Algunos recordarían, sin embargo. Los afectados que sobrevivieron, y los cientos de miles de militares y voluntarios civiles que participaron en las tareas de limpieza, evacuación y construcción de los llamados “sarcófagos” destinados a tapar y contener el desastre. Un número indeterminado sufriría las consecuencias bajo la forma de cánceres, depresiones, etc. Muchos fueron entrevistados por la escritora bielorrusa Svetlana Aleksiévich para el libro Voces de Chernóbil (1997), pero que recién tuvo impacto internacional cuando Aleksiévich ganó el Premio Nobel de Literatura en 2015.

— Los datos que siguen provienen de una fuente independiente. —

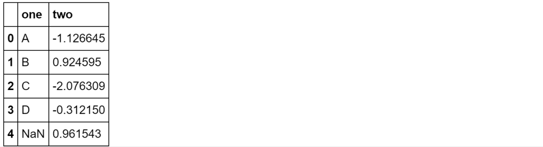 df_g = pd.DataFrame({'one':['A','B','C','D',np.nan],'two':np.random.randn(5)})df_g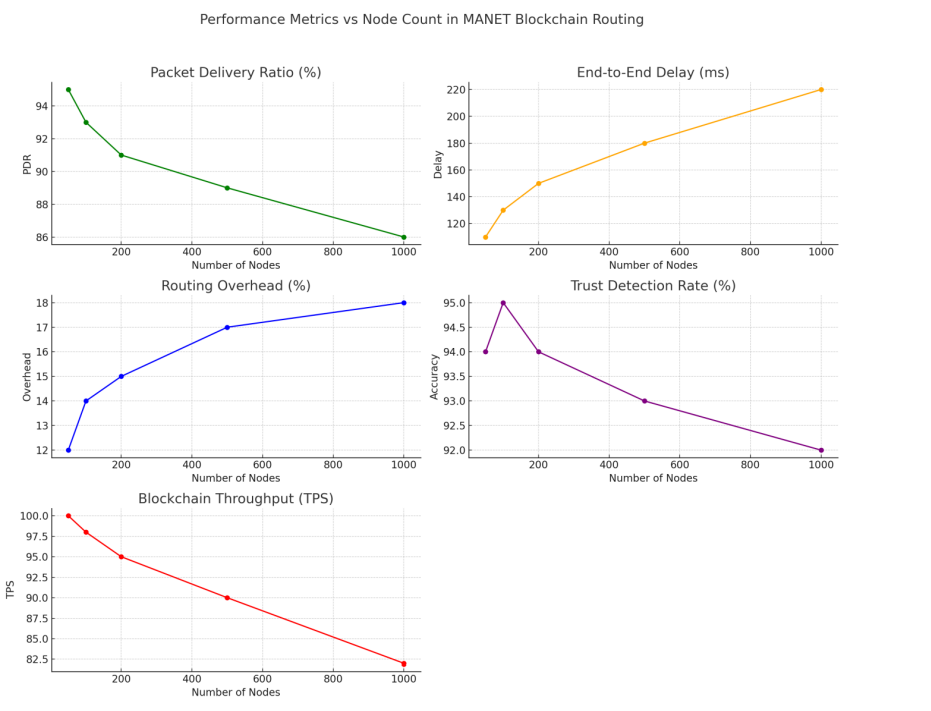 · Medium Overhead and Delay: As the routing overhead and delay are increased with respect to blockchain consensus processes, the framework does have better performance compared to other traditional routing protocols since the routing is secure and attack cannot significantly impact the performance due to the framework. As Sharma et al. (2025) demonstrate, the extra overhead is a reasonable compromise that is accepted in order to create a safe and stable communication in MANETs.

No sólo los humanos recuerdan. Las impresiones del pasado quedan manifiestas de manera indeleble en la naturaleza. La artista visual francesa Anaïs Tondeur y el investigador de origen ruso Michael Marder se dedicaron a eso y armaron con textos e imágenes Chernóbil Herbarium (NED Ediciones, 2021), un libro atrapante y concientizador.
La zona
Lo más ominoso fue que, al menos al comienzo, todo seguía igual, y se sabe que no hay nada peor que un enemigo invisible. Michael Marder tenía seis años y viajaba con su padre desde Moscú a Anapa, a orillas del Mar Negro, cuando ocurrió la explosión. Hacía ese viaje por recomendación médica, para escapar de la ciudad contaminante y curarse de alergias estacionales. Una ironía de campeonato estar viajando a playas refrescantes bajo una lluvia radiactiva, y sin saberlo: “en ese momento todos éramos plantas”, dice. Pero Marder se preguntó luego si las plantas no estarán en realidad provistas de mejores mecanismos adaptativos que los humanos para resistir el ataque nuclear: “Arraigadas al suelo, por supuesto, son incapaces de escaparse de los efectos dañinos de la radiactividad, como atestiguan los pinos del llamado ‘bosque rojo’ ubicado cerca de la Zona de exclusión. Pero también se adaptan más fácilmente: semillas de soya cultivadas experimentalmente en el entorno radiactivo de Chernóbil han padecido cambios drásticos en su composición proteínica, lo que les ha permitido mejorar su resistencia a metales pesados y modificar su metabolismo de carbono. Su exposición al mundo es consustancial a su aprendizaje del mundo, por lo que son capaces de devolverle muchas cosas. Sólo nuestra exposición, la humana, implica pura vulnerabilidad, pasividad, impotencia”.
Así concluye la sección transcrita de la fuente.